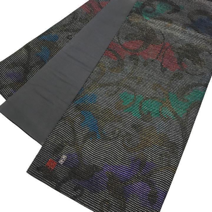 赤、青、紫、緑、金などプラチナ糸を贅沢に使った色鮮やかな織模様、極上のお品でございます。
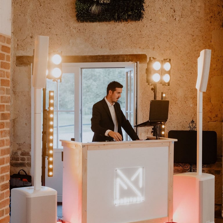 Spécialisé dans les prestations de mariage haut de gamme je propose des installations de sonorisation et d'éclairage sobres qui ajouteront une touche d'élégance à votre événement.
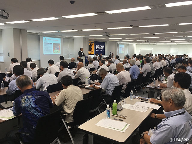 日本サッカー協会(JFA)は7月21日(土)、2018年度の都道府県サッカー協会代表者会議を開催し、各都道府県サッカー協会の会長、副会長、専務理事ら132名が出席しました。

☆ ☆ ☆

Problem statement: Word for word, return the material, omitting the pictures.

Response to this exercise:
 赤、青、紫、緑、金などプラチナ糸を贅沢に使った色鮮やかな織模様、極上のお品でございます。
 Spécialisé dans les prestations de mariage haut de gamme je propose des installations de sonorisation et d'éclairage sobres qui ajouteront une touche d'élégance à votre événement.
 日本サッカー協会(JFA)は7月21日(土)、2018年度の都道府県サッカー協会代表者会議を開催し、各都道府県サッカー協会の会長、副会長、専務理事ら132名が出席しました。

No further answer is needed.